In doing so, we can position Singapore as a hub and spoke, and router and connector for global trade and commerce. We can rise beyond our physical and other limitations and turn the world into our hinterland and marketplace.
4. Demonstrating our safety and security
The choice of Singapore as venue for the Summit is a recognition of our image and track record for being a safe and secure country. Singapore is ranked number 1 for order and security in The World Justice Project’s Rule of Law Index 2017-2018. We are also the world’s safest city according to the 2017 Global Smart City Performance Index.
Being recognized as a safe and secure place can help us attract foreign enterprises, entrepreneurs, investors, and visitors to live, work, learn, and have fun in Singapore.
5. Winning hearts and minds
By hosting the historic Summit, we can demonstrate that we are a responsible member of the global community.
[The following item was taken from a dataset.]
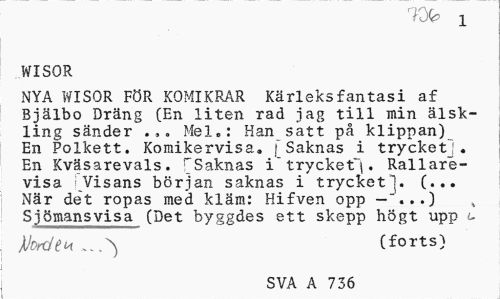 //// TJQ? ! //// WISOR //// NYA WISOR FÖR KOMIKRAR Kärleks fantasi af Bjälbo Dräng (En liten rad jag till min älskling sänder . Mel»: Han satt på klippan) En Polkett. Komikervisa. [Saknas i trycket]. En Kväsarevals. l^Saknas i' trycket~|, Rallarevisa i Visans början saknas i trycket]. (... När det ropas med kläm: Hifven opp —"...) , Sjömansvisa (Det byggdes ett skepp högt upp u //// Xlorden (forts) //// SVA A 736 ////

And earn greater respect for contributing to peace-making processes and hopefully, for bringing about world peace. With a more peaceful and secure world, we can better achieve prosperity and progress for our nation.”
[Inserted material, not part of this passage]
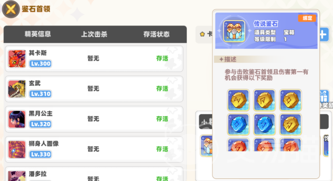 玩家可以组队挑战鉴石首领,击败后随机获得鉴石,并且造成最高伤害的玩家还可获得额外掉落奖励。鉴石的属性主要分为三个部分。首先是鉴石特效,不同类型的鉴石会附带不同的特效,而同类型鉴石在同一品质下,特效是完全相同的。

Dr Liew asked Singaporeans to do whatever we can to make the Summit a rousing success and to help our foreign guests enjoy a great and memorable time here.
The North Korean-US Summit in Singapore is also expected to increase the ever-growing flows of capital to pour into Singapore’s real estate market, causing it to reach unprecedented levels.
The international spotlight on Singapore from the North Korean-US Summit is good for the country, especially for its efforts to draw in investment dollars in a competitive environment- especially real estate investment dollars.
The Emerging Trends in Real Estate Asia Pacific 2018 report jointly published by Urban Land Institute (ULI) and PwC already ranks Singapore in third place this year.
The report said: “Of all the various influences that have combined to shape recent investment flows into Asian real estate, one continues to stand out: excess liquidity. Local sovereign and institutional funds bearing vast stockpiles of accumulated cash are investing it increasingly in property, both regionally and globally. The resulting competition for assets is changing the industry in fundamental and often unexpected ways.”
The North Korean-US Summit is expected to lend more optimism to investors who are betting in the resurgence of Singapore, believing that the markets here have bottomed after several years of weakness.
There are however some concerns in certain quarters that the excess funds flowing into the Republic is invariably distorting the Singapore real estate market.
Chinese property developers have in recent times bid aggressively for Government Land Sales (GLS), which ramps up government coffers, but may be bad news for the Singapore property market and home-buyers, as additional costs may be headed their way. There is fear that as land bids go up, so will prices for homes.
The ULI-PwC report confirms this view. It said: “The residential sector is also showing signs of bottoming, with rising transactions and a slight uptick in pricing for the first time in four years. Driven by buoyant sentiment, sales of developer sites have surged amid tightening supply as developers add to land banks. The rebound seems likely to be sustainable, given the momentum of several years’ worth of pent-up consumer demand. Chinese developers have been especially active in buying land, pushing up land auction prices for residential sites significantly through 2017.”